WORK INSTRUCTIONS: Among the entries that follow, locate the line with "Our chalet is" and the line with "Procurando por uma". Output those lines and all lines in between, exactly, minus the pictures.

DATA FOR REVIEW:
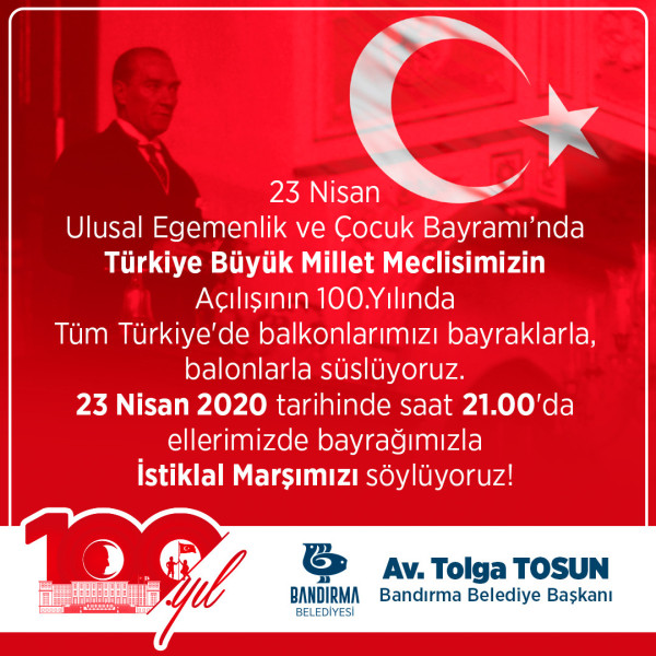 23 Nisan Perşembe günü evlerimizi, balkonlarımızı bayraklarımızla süsleyeceğiz ve saat 21:00’da tüm Bandırma tek yürek İstiklal Marşı’mızı hep birlikte söyleyeceğiz.
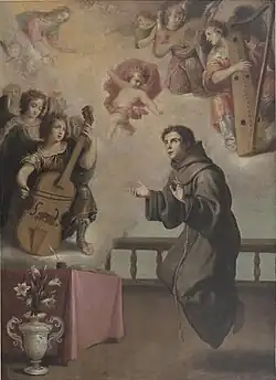 According to art historian Antonio Palomino, Pedro de Obregón was initially taught by Vincenzo Carducci, and became one of his best pupils, imitating the teacher in drawing. Palomino asserts that he painted many pictures for individuals and few to the public, although some notable works include a Holy Trinity for the convent of the Merced Calzada of Madrid, and San Joaquin and Santa Ana, commissioned by the Church of Santa Cruz, also of Madrid. These pieces were lost, but one noted was the Apparition of the Infant Jesus to San Antonio dated 1633, in the convent of Santa Clara in Villacastín.
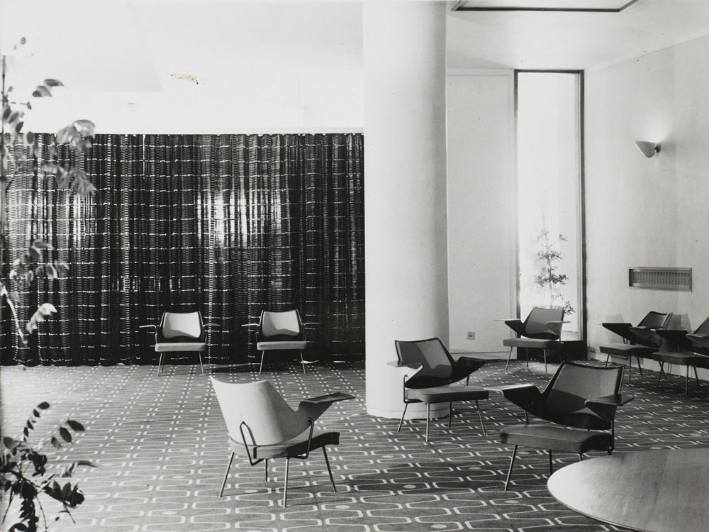 One of the most important figures in London design at the time was Robin Day, who had his breakthrough when he and Clive Latimer won first prize in the International Competition for Low-Cost Furniture Design organised by the Museum of Modern Art, New York. Their winning design was a multipurpose storage unit made from moulded plywood, which could also be folded down into a desk.
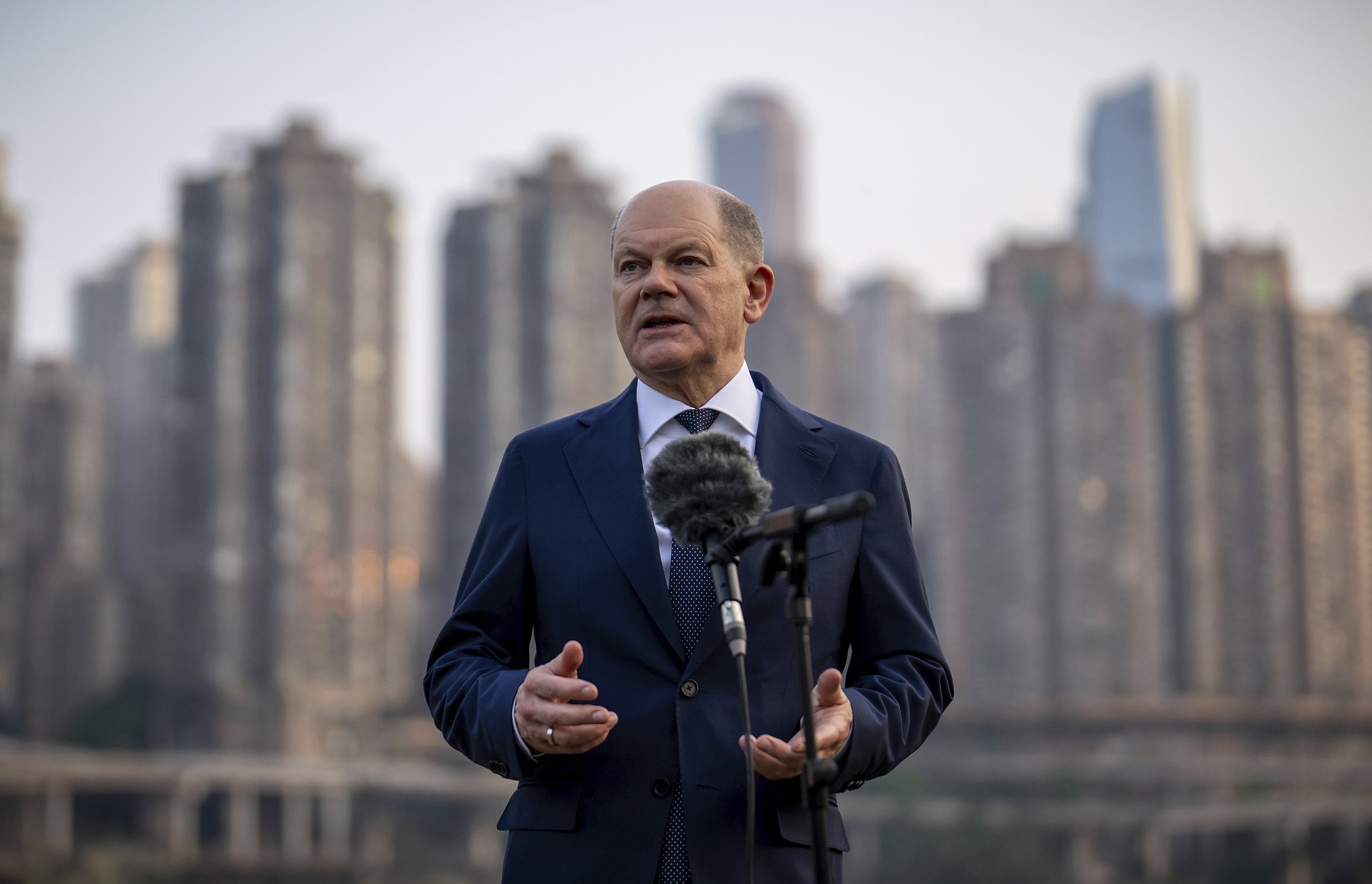 4月14日,朔爾茨訪華,在重慶發表講話 圖源:視覺中國
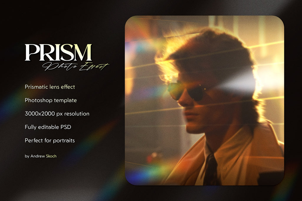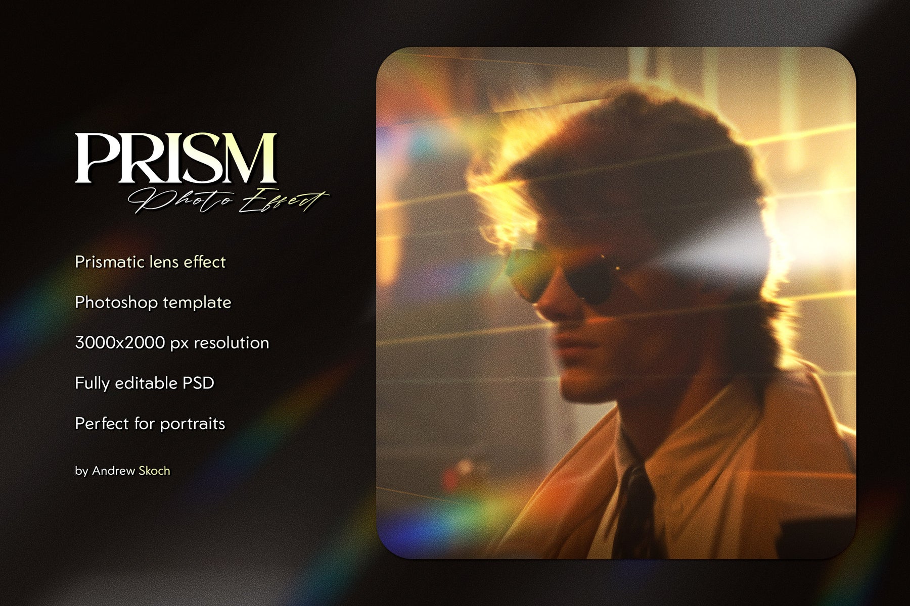 Add a touch of modern artistry to your portraits with the Prism Photo Effect created by Andrew Skoch. This PSD template offers a unique prismatic lens effect that creates stunning light refractions, dreamy blurs, and colorful rainbow streaks.
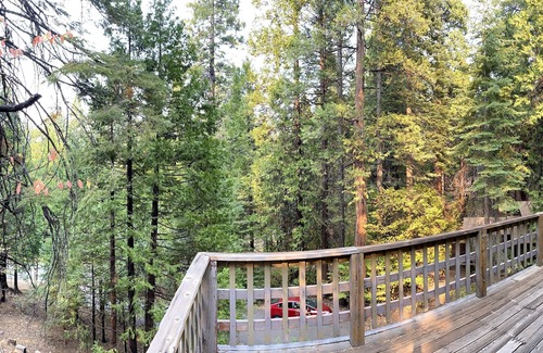 Our chalet is perched up in the canopies of the evergreens offering beautiful views all around and blissful solitude. This cabin offers strong wi-fi, central heating, full kitchen, 2-player indoor basketball, board games, books, smart speaker, and wood-burning fireplace -- ready to help you to make some beautiful memories with friends and family. Just minutes from Calaveras Big Trees SP, our place boasts easy access to hiking, swimming, and endless outdoor adventures! Up to 2 pets welcome. (A flat-fee of $100 for pet.)
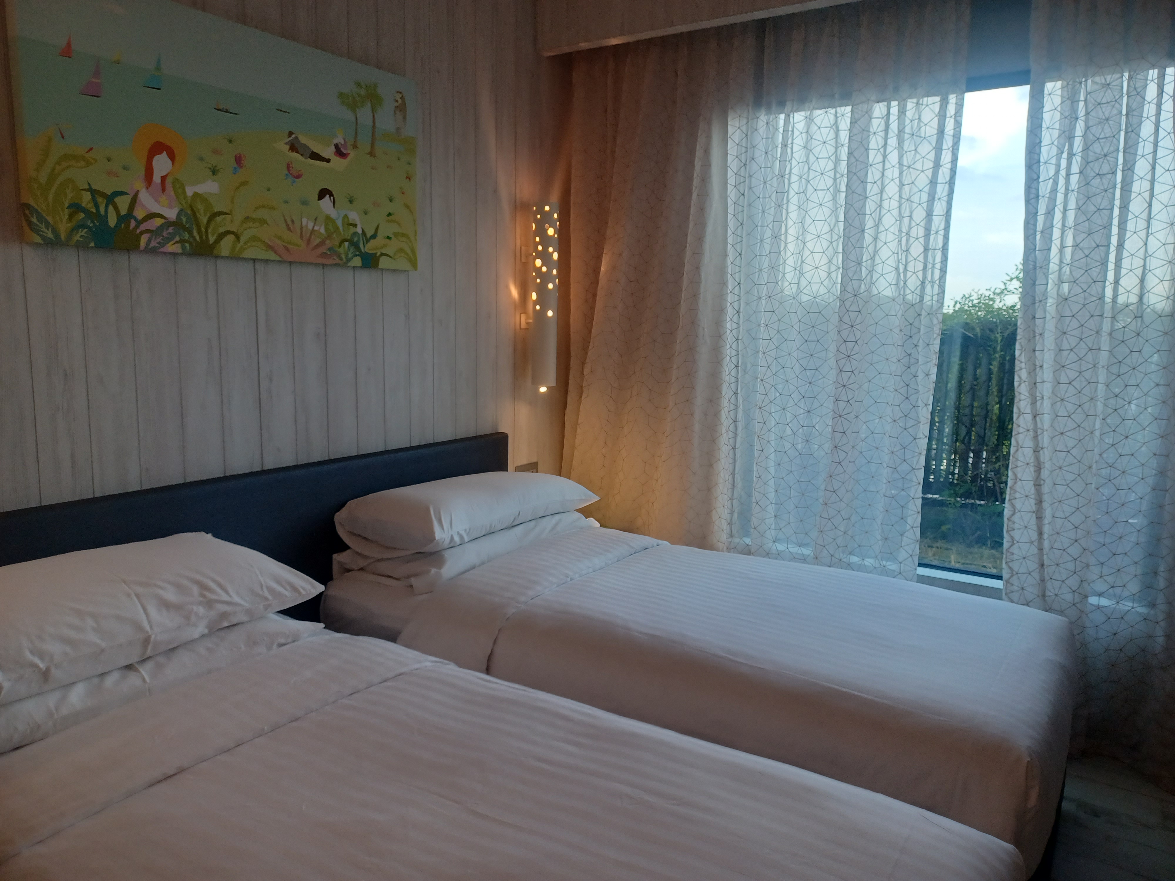 예약한 방은 패밀리룸이었고, 가격은 1박에 375,000원(토요일 기준)이었다. 구조가 특이하게 더블침대룸과 트윈침대룸이 문으로 연결되어 있었다. (어쩐지 예약한 방은 1개인데, 키를 2개줘서 당황했는데, 문만 따로고 내부는 연결되어 있다ㅋㅋㅋ)
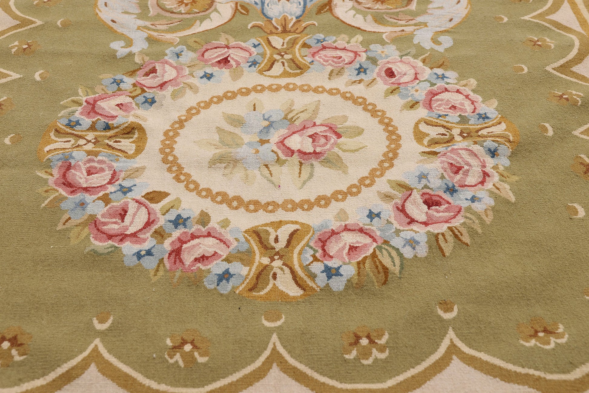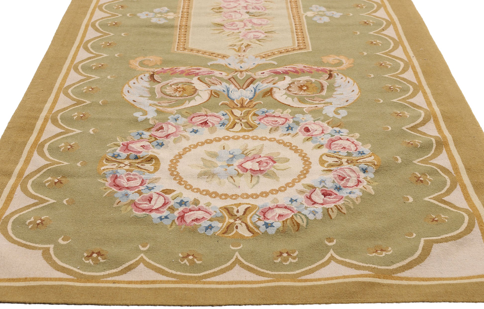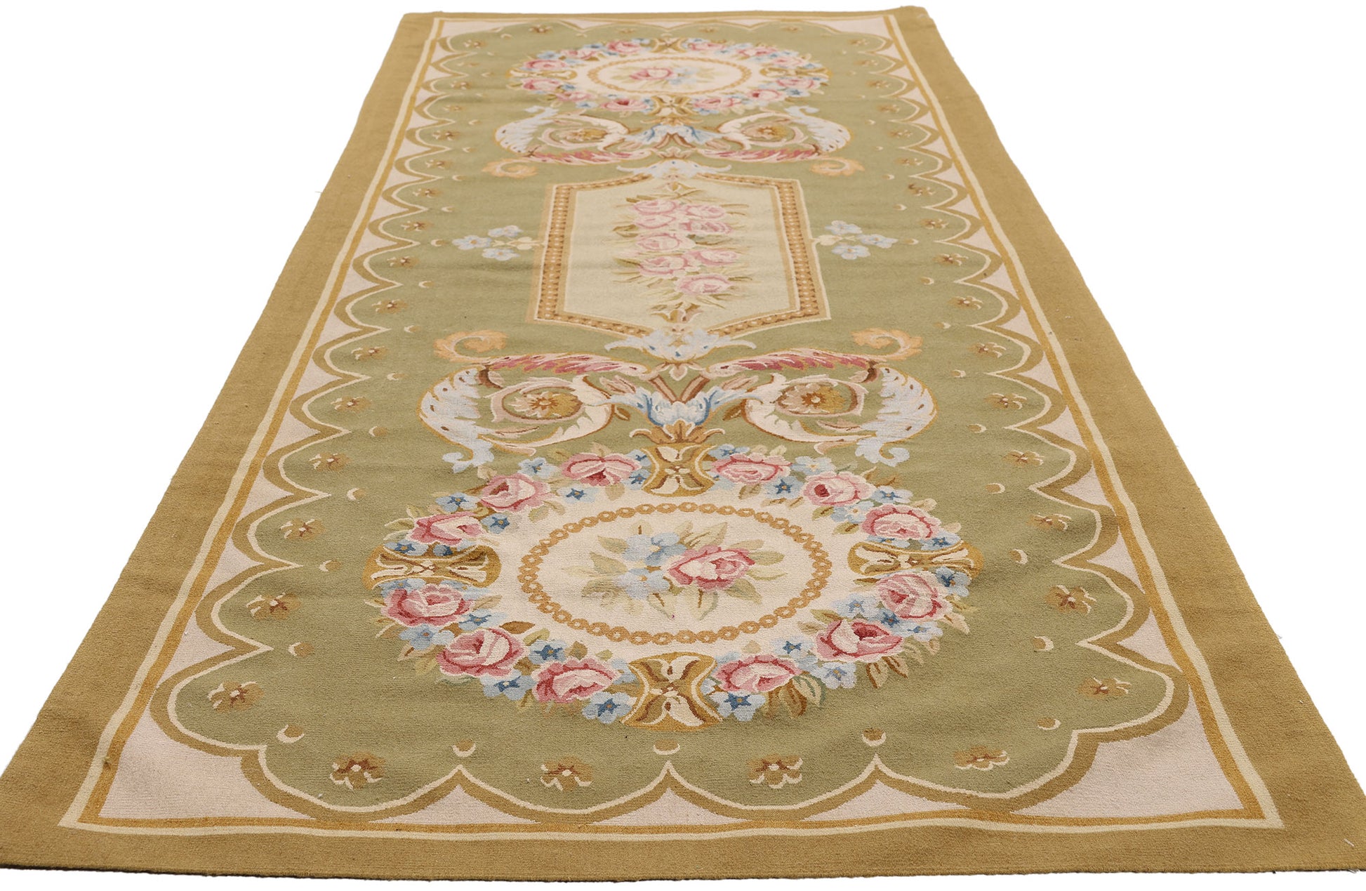 3 x 9 - Green Vintage Aubusson Rug - 79483
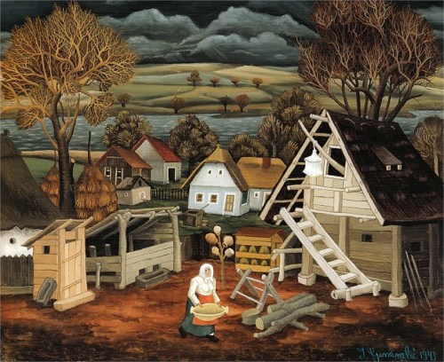 Several years back, I wrote here about the late Croatian painter Ivan Generalic (1914-1992). I don’t really know how his work is categorized. He mixed folk art, rural Eastern European village life and folklore, and allegory in a painting style that was richly colored and inviting. It was most often painted on glass which increased its vibrancy and glow. It had a certain charm that reminded me of the jungle paintings of Henri Rousseau.
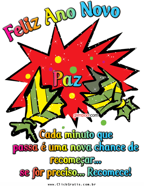 Procurando por uma recado animado de Feliz Ano Novo? Na seção de recados animados do Click Grátis você encontra diversas imagens animadas de Feliz Ano Novo para enviar aos seus amigos do Facebook e Orkut.
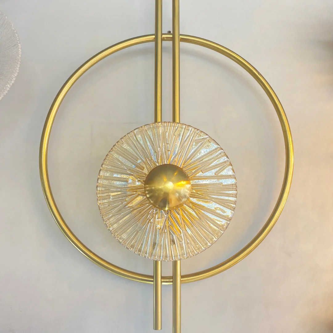 Về hoàn thiện, sản phẩm cho cảm giác nổi bật nhờ khung kim loại tông vàng kết hợp với chi tiết trung tâm dạng tỏa tia. Phần ánh sáng 3000K lan nhẹ quanh tâm đèn giúp hiệu ứng sáng nhìn mềm và cao cấp hơn. Đây là kiểu phối rất hợp với nội thất hiện đại, luxury nhẹ, tường màu be, xám sáng, nâu gỗ hoặc các không gian cần một mẫu đèn mang tính decor rõ.
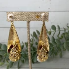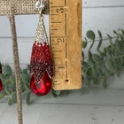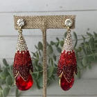 Crystal statement earrings in shades of red. Dangling from a clear crystal stud. Gold tone back Large teardrop is also dangling so there’s deliberate movement. Measures over 3” New unused Please ask any questions prior to purchase.
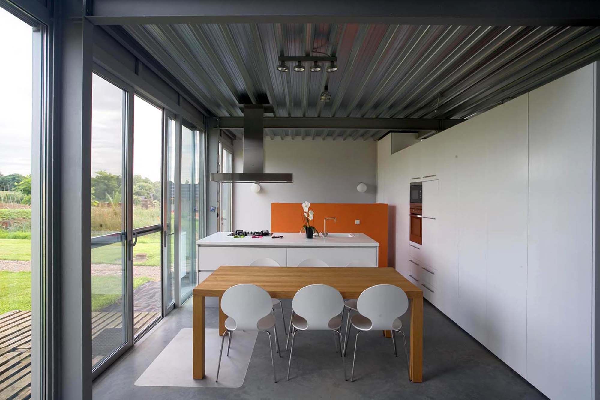 Le maître de l’ouvrage de cette habitation isolée souhaitait créer une habitation-loft. Pour réaliser ce projet, l’architecte a utilisé un squelette en acier composé de poutres et de colonnes en acier, de panneaux steeldeck et de panneaux sandwich, tous laissés apparents. Pour les planchers, le choix s’est porté au rez-de-chaussée sur le polybéton et pour l’étage sur des panneaux OSB vernis, afin de renforcer davantage ce caractère de loft. Le plan montre un volume en forme de poutre abritant l’espace d’habitation et la chambre à coucher des parents. L’utilisation de l’acier et des caractéristiques qu’il présente a d’emblée offert des possibilités architecturales supplémentaires et audacieuses. En considérant la force de traction comme principe créatif, il a été parfaitement possible, grâce à l’ossature en acier, d’adjoindre au volume principal un volume extérieur dans lequel les chambres d’enfant ont été installées. La partie en surplomb sert en même temps de parking couvert
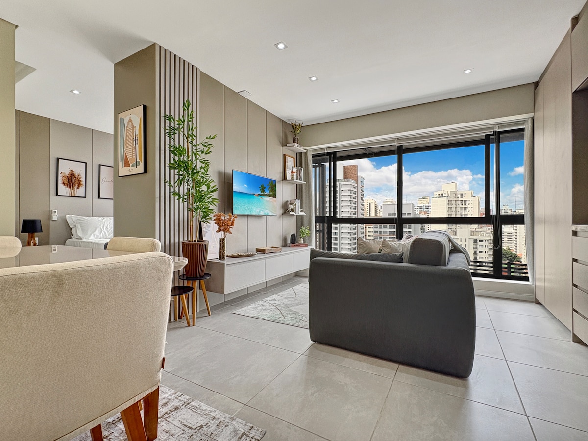 Estudio de lujo en la calle Oscar Freire Moderno, sofisticado y completo, en la calle más famosa de São Paulo por las tiendas de lujo. Estudio en el piso 24, de frente, con magníficas vistas a la Av Paulista. Bien equipado, con TV de 55 pulgadas, Wifi Internet Vivo Fibra 200, TV por cable, Aire Acondicionado silencioso, Cafetera, Cocina y Minibar, Cortina black-out automatizada, Plancha portátil, Utensilios de cocina, Secador de pelo, Sábanas y Toallas suaves, jabón y kit de champú/acondicionador.
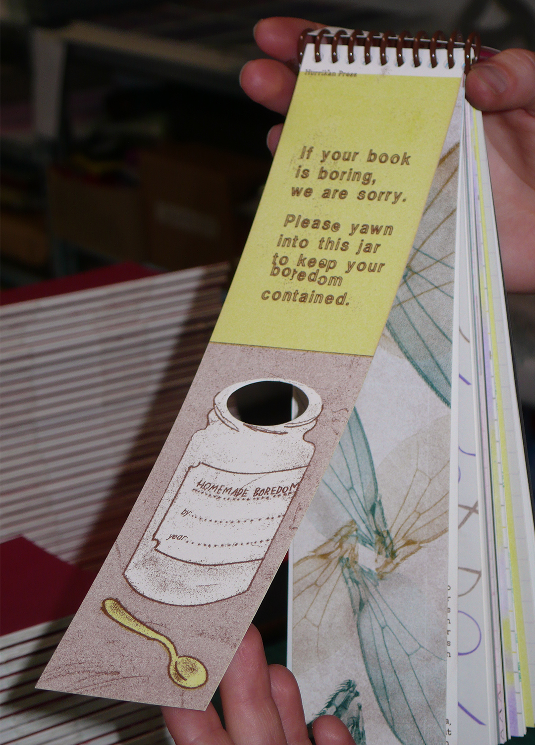 Lauria of Pseudo Press invited me to contribute to the Book’o’mark, with the prompt “creating a bookmark which has a function beyond page demarcation”

EXPECTED OUTPUT:
 Our chalet is perched up in the canopies of the evergreens offering beautiful views all around and blissful solitude. This cabin offers strong wi-fi, central heating, full kitchen, 2-player indoor basketball, board games, books, smart speaker, and wood-burning fireplace -- ready to help you to make some beautiful memories with friends and family. Just minutes from Calaveras Big Trees SP, our place boasts easy access to hiking, swimming, and endless outdoor adventures! Up to 2 pets welcome. (A flat-fee of $100 for pet.)
 예약한 방은 패밀리룸이었고, 가격은 1박에 375,000원(토요일 기준)이었다. 구조가 특이하게 더블침대룸과 트윈침대룸이 문으로 연결되어 있었다. (어쩐지 예약한 방은 1개인데, 키를 2개줘서 당황했는데, 문만 따로고 내부는 연결되어 있다ㅋㅋㅋ)
 3 x 9 - Green Vintage Aubusson Rug - 79483
 Several years back, I wrote here about the late Croatian painter Ivan Generalic (1914-1992). I don’t really know how his work is categorized. He mixed folk art, rural Eastern European village life and folklore, and allegory in a painting style that was richly colored and inviting. It was most often painted on glass which increased its vibrancy and glow. It had a certain charm that reminded me of the jungle paintings of Henri Rousseau.
 Procurando por uma recado animado de Feliz Ano Novo? Na seção de recados animados do Click Grátis você encontra diversas imagens animadas de Feliz Ano Novo para enviar aos seus amigos do Facebook e Orkut.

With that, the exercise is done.